ABOUT THIS EXERCISE:
From the line containing "黨的十八大報告提出,促進(j" to the line containing "MLB Authentic Collection" in the records below, set down every line exactly as it stands, both ends included, and skip the pictures.

Stored items from a collection:
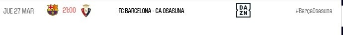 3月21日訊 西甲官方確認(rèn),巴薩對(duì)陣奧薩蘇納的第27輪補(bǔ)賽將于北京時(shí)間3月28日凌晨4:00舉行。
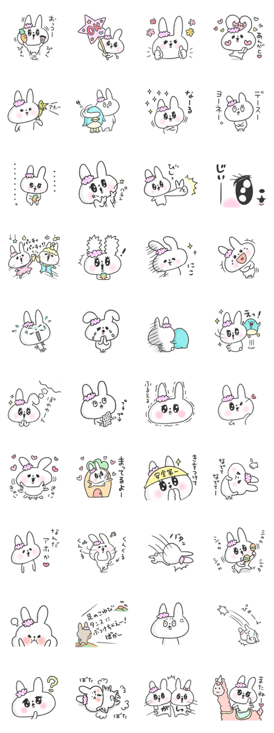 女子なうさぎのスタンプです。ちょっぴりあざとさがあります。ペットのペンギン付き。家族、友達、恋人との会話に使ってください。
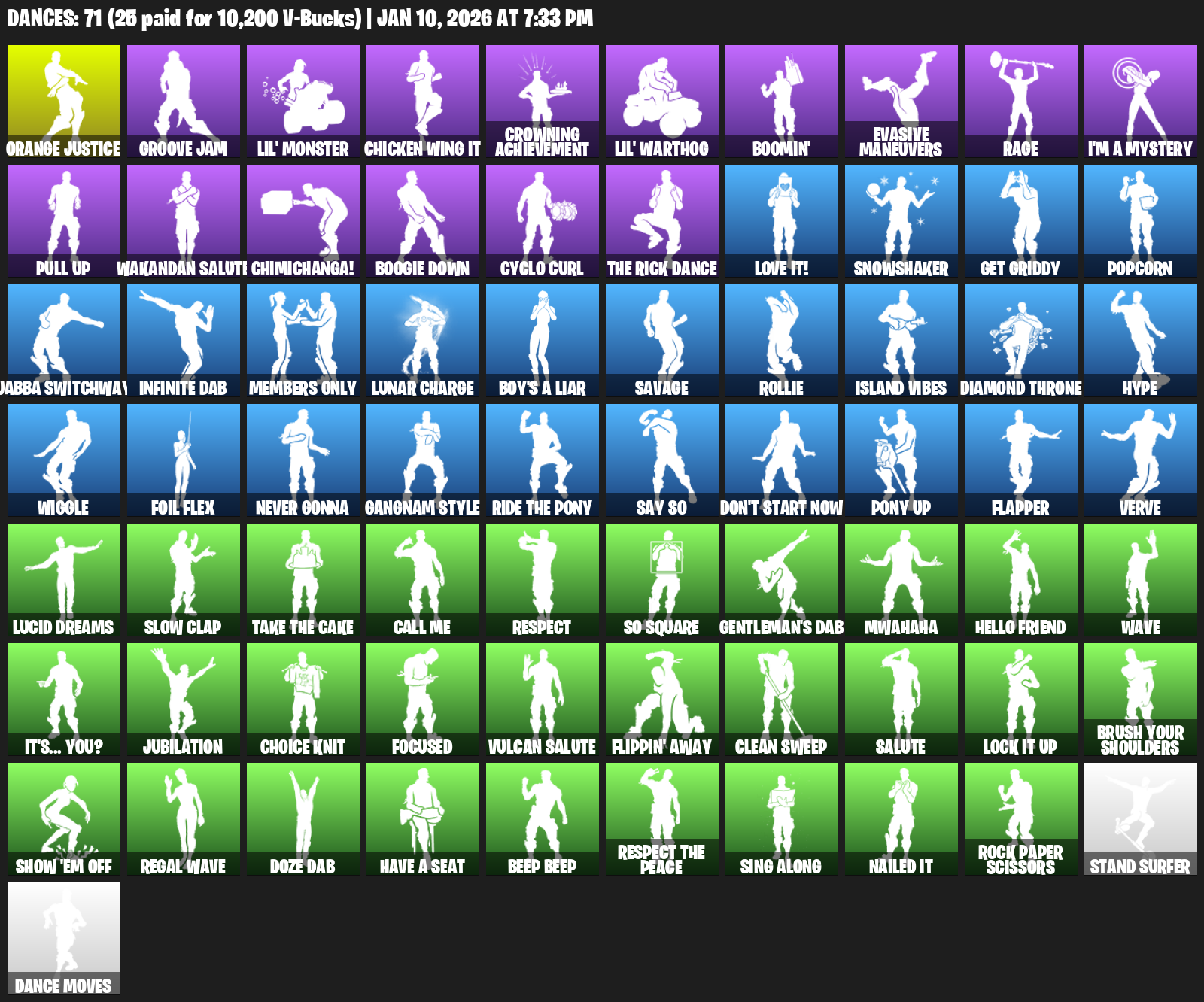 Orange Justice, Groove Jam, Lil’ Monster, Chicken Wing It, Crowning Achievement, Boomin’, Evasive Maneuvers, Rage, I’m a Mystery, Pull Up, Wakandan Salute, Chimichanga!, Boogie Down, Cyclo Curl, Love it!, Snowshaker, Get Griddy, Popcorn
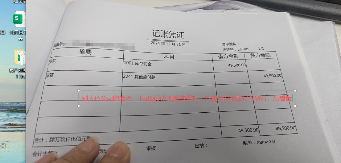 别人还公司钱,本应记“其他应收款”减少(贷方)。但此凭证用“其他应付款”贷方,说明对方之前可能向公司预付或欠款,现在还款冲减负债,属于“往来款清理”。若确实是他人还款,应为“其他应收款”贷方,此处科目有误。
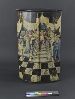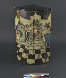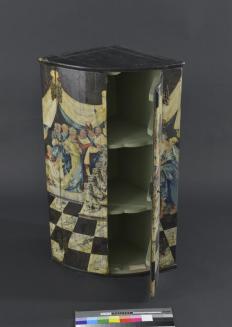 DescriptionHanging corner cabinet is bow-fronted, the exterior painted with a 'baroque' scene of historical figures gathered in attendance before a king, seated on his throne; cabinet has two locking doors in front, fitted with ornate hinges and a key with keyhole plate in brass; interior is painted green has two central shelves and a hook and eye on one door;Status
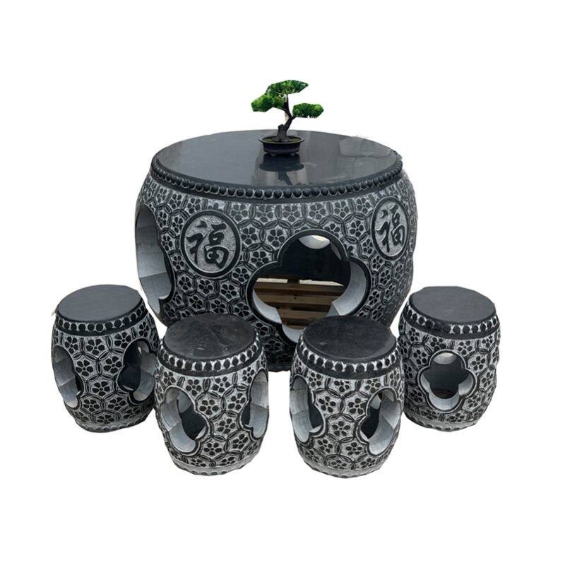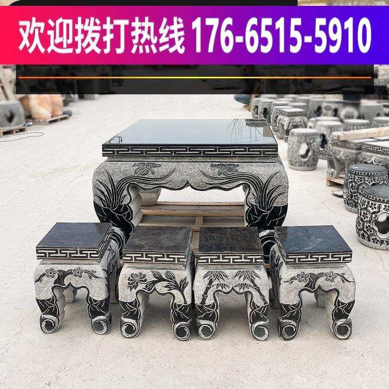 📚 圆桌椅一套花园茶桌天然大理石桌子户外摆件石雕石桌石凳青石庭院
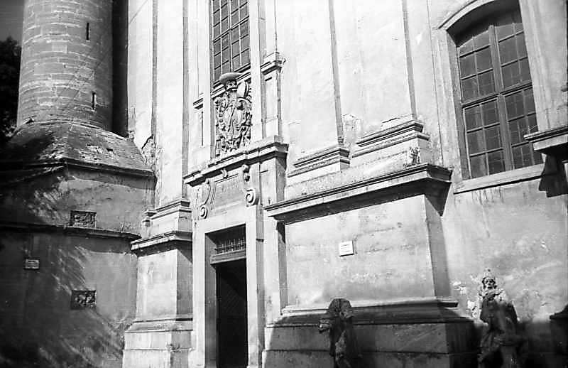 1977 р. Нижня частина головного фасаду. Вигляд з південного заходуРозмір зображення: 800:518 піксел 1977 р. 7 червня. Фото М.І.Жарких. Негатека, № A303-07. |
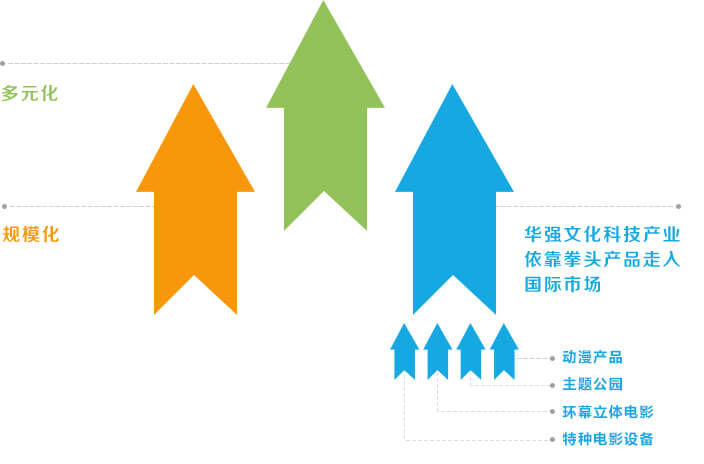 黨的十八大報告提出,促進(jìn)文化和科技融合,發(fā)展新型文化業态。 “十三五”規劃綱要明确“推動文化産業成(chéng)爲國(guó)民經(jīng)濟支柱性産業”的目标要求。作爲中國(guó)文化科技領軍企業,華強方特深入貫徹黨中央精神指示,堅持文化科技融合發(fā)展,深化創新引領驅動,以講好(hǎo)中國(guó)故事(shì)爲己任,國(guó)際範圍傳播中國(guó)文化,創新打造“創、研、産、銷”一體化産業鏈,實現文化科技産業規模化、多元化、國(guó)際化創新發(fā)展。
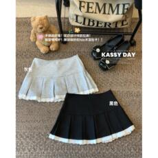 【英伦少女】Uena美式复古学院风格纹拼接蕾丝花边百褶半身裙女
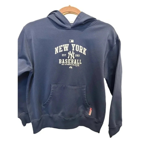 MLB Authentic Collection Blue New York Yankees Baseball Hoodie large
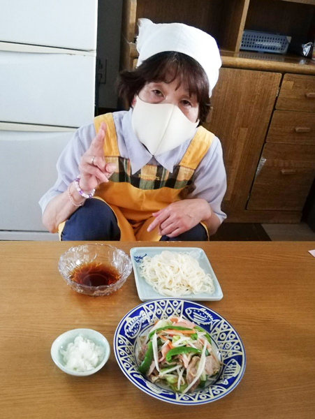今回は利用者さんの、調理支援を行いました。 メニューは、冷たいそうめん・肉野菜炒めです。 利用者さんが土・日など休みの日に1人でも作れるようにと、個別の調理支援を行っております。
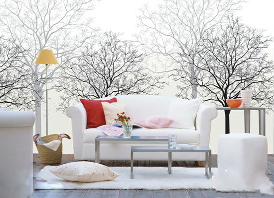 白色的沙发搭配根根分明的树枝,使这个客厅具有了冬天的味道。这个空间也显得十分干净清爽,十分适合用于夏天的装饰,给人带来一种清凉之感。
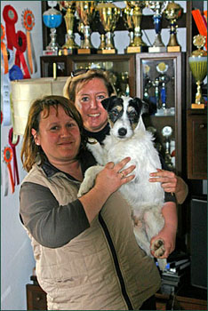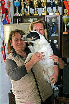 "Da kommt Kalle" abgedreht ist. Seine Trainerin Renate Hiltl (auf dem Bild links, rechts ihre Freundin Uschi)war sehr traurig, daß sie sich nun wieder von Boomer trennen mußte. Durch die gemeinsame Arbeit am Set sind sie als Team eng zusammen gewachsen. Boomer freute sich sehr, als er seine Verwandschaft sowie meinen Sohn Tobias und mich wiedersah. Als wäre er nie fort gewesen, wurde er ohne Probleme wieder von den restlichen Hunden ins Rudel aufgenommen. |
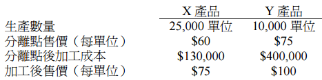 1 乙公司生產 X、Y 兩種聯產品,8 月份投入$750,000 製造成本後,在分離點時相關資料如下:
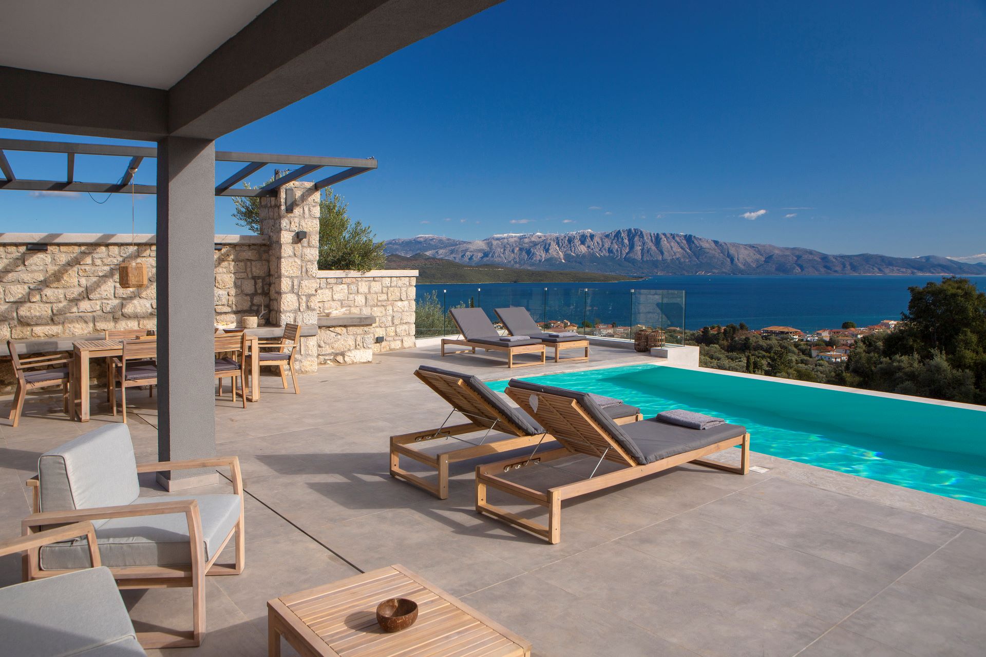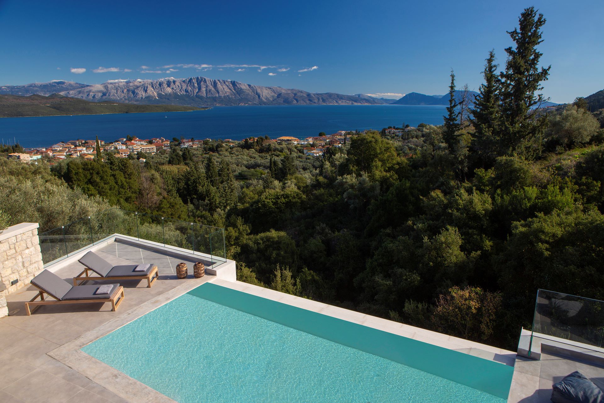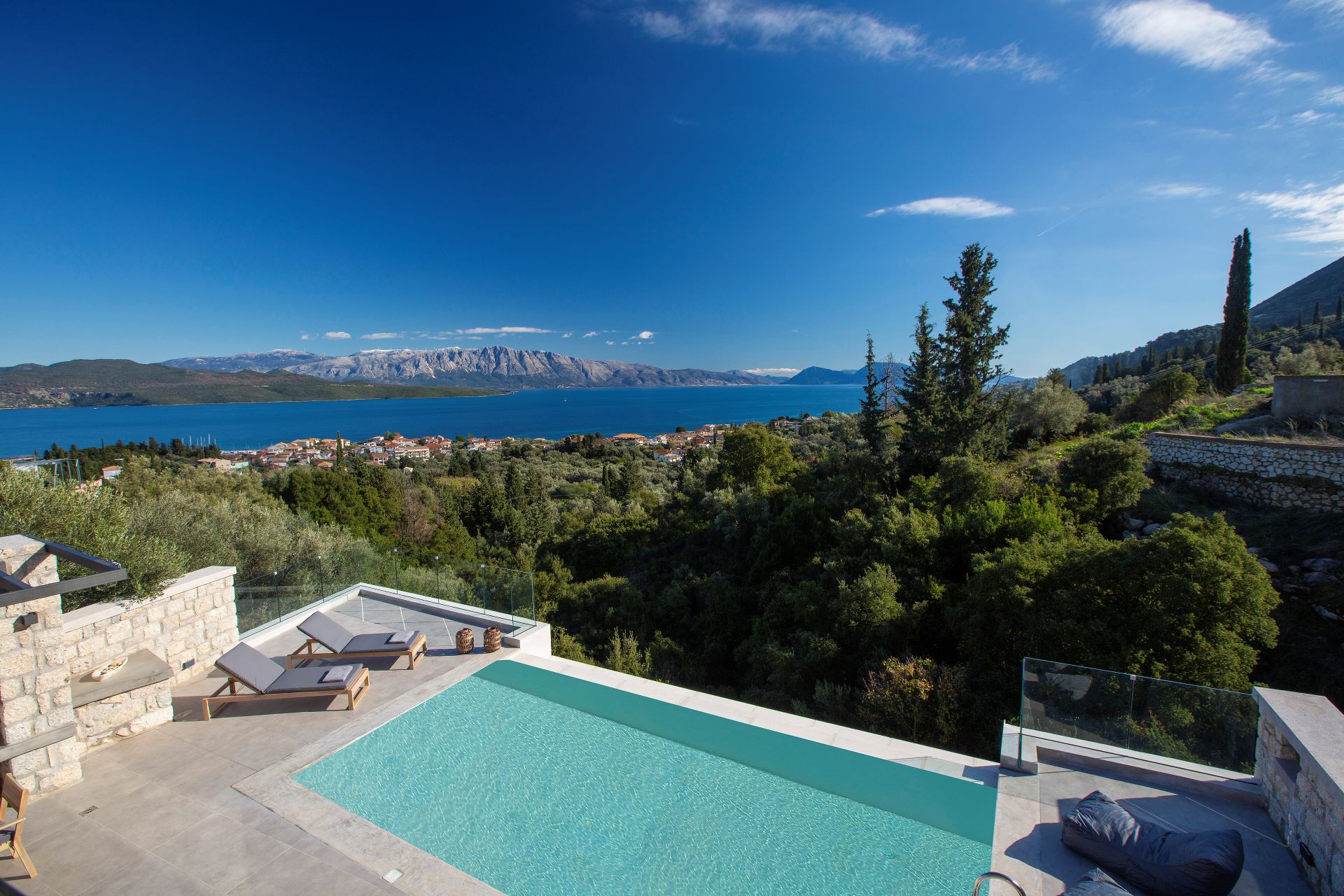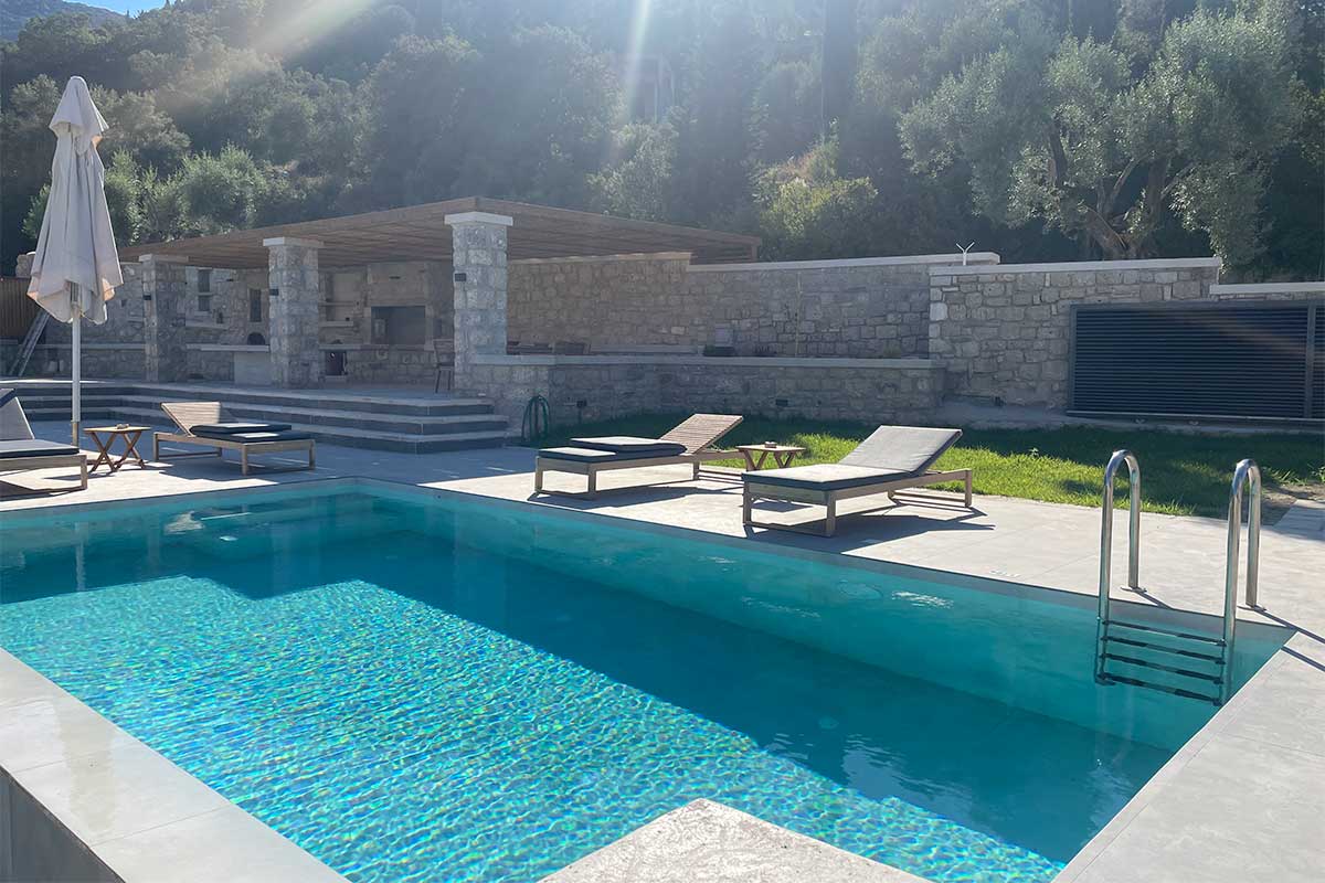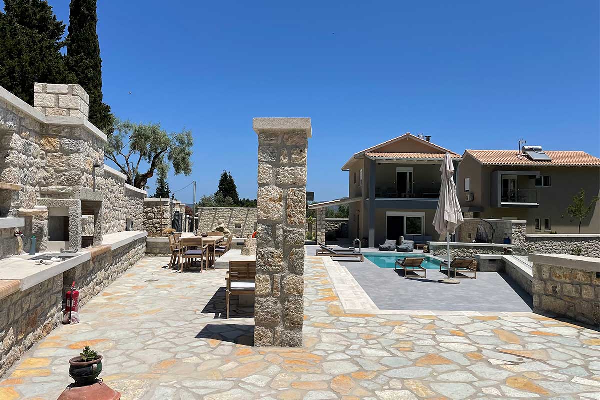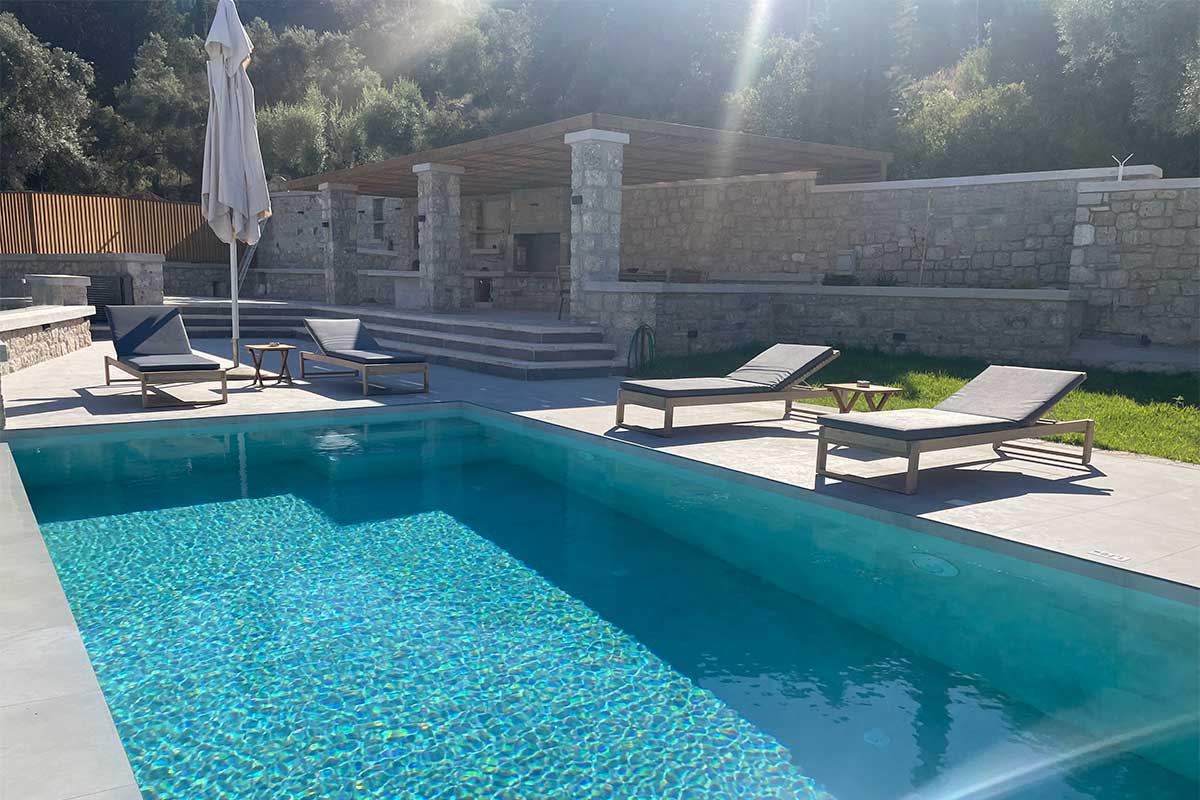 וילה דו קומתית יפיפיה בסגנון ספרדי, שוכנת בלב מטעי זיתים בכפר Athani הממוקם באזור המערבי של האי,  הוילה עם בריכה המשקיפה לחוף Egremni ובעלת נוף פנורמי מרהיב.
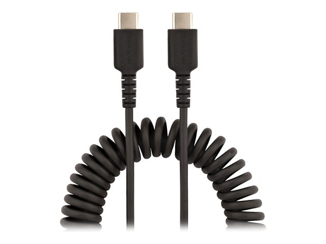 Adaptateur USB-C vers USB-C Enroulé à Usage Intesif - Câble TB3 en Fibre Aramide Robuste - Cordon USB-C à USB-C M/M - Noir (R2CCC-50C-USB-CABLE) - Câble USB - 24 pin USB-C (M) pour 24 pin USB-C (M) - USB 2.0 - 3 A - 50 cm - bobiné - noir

RESPONSE AREA:
 黨的十八大報告提出,促進(jìn)文化和科技融合,發(fā)展新型文化業态。 “十三五”規劃綱要明确“推動文化産業成(chéng)爲國(guó)民經(jīng)濟支柱性産業”的目标要求。作爲中國(guó)文化科技領軍企業,華強方特深入貫徹黨中央精神指示,堅持文化科技融合發(fā)展,深化創新引領驅動,以講好(hǎo)中國(guó)故事(shì)爲己任,國(guó)際範圍傳播中國(guó)文化,創新打造“創、研、産、銷”一體化産業鏈,實現文化科技産業規模化、多元化、國(guó)際化創新發(fā)展。
 【英伦少女】Uena美式复古学院风格纹拼接蕾丝花边百褶半身裙女
 MLB Authentic Collection Blue New York Yankees Baseball Hoodie large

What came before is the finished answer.